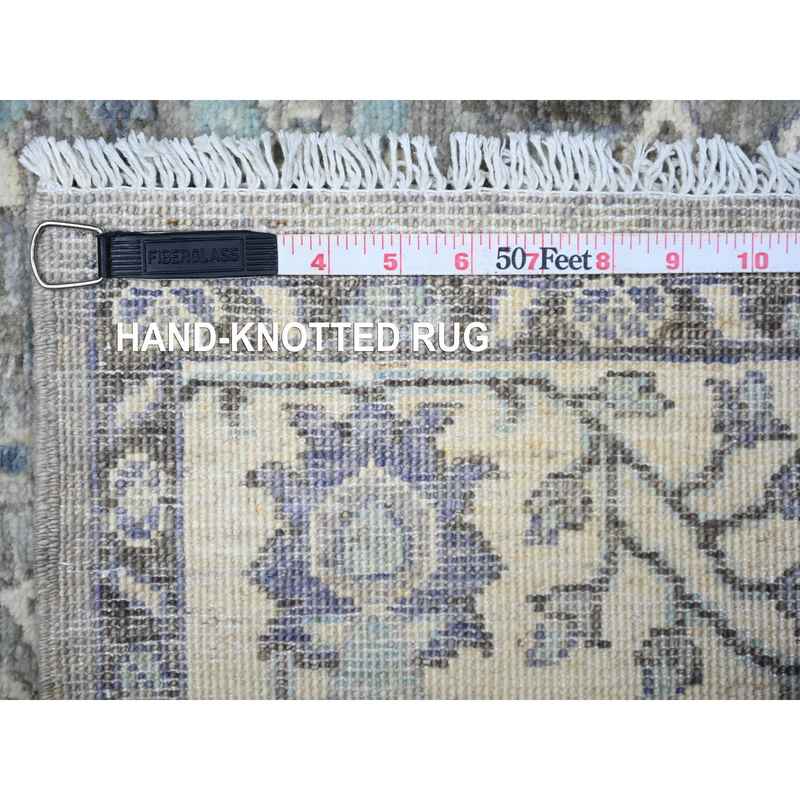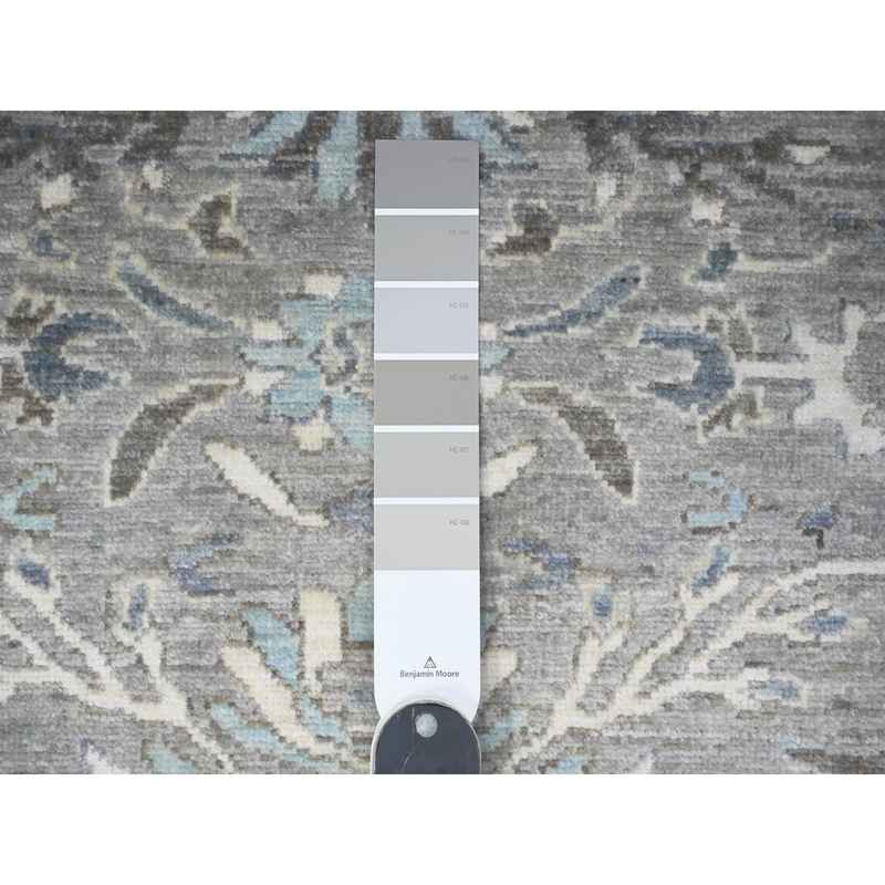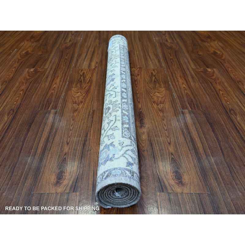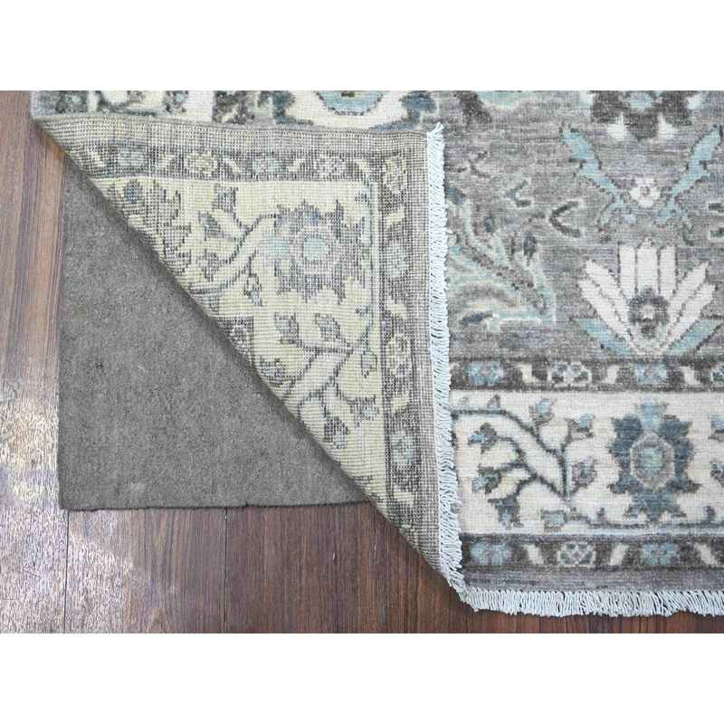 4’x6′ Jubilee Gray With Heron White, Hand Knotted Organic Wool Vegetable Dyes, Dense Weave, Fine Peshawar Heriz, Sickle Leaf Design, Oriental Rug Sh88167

================

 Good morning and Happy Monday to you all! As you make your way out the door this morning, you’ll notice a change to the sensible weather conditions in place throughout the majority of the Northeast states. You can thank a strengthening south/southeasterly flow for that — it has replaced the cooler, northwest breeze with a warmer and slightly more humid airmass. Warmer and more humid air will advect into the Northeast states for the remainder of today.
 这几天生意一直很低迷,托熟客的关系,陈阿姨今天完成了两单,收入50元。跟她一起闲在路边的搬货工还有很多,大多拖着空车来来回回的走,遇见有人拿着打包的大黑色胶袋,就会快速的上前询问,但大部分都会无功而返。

================

Work task - Only one stretch of the data above is needed. Restate it word for word, from the line containing "Good morning and" through the line containing "这几天生意一直很低迷,托熟客", both ends included.

Exercise result -
 Good morning and Happy Monday to you all! As you make your way out the door this morning, you’ll notice a change to the sensible weather conditions in place throughout the majority of the Northeast states. You can thank a strengthening south/southeasterly flow for that — it has replaced the cooler, northwest breeze with a warmer and slightly more humid airmass. Warmer and more humid air will advect into the Northeast states for the remainder of today.
 这几天生意一直很低迷,托熟客的关系,陈阿姨今天完成了两单,收入50元。跟她一起闲在路边的搬货工还有很多,大多拖着空车来来回回的走,遇见有人拿着打包的大黑色胶袋,就会快速的上前询问,但大部分都会无功而返。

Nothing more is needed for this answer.